Sunday, October 18, 2009

Walking the Fox

I don’t enjoy walking the river when it is this intense.
The rush and roil make my head light as foam
and turns my feet sodden and heavy.
I loose my thoughts.
I start thinking river questions.
Questions I haven’t asked in generations.

Where am I going?
And when I get there, where will I go then?
Are there other rivers like me?
If there are, do they find like I do
that every bend is new and familiar
all at once, that each old tree I see
I have never seen before
and have known for centuries?
Do they watch with the same eye,
one at once the length and width of my course
but small as every drop of water?


I, also, wonder where I am going.
I ponder the absence of any final destination.
I puzzle at why when I look,
the river wears my face.

1 comment:

  1. Mike--you may not remember me; I'm one of Norb's people. Your river poem touched me--as do all your poems. I felt the need to share one of mine with you.

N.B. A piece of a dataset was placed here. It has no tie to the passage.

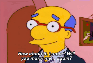 How about it, Luann? Will you marry me... again? Ooh, no! Oh. Well, uh, can I have my shirts back at least?
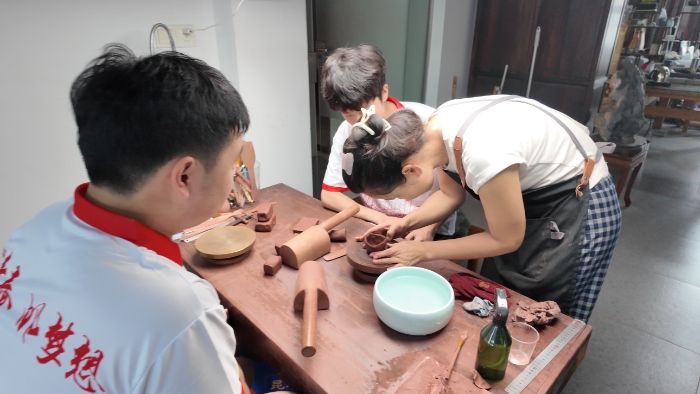 圖2為成員們在老師的指導下制作紫砂壺。周凡琳供圖

Forgive me if you feel it's an intrusion.
    ***
    It Is All in the Moving River

    You can never step into the river in the same place
    Even if you set your foot in the same spot,
    on the same rock, the water has moved on
    and you are in a new place in the river.

    Today, too, nothing is as it was a moment ago,
    even if you stand the same way in the same place.
    A baby is born, a crinkled octogenarian has died,
    and the air has moved like the river.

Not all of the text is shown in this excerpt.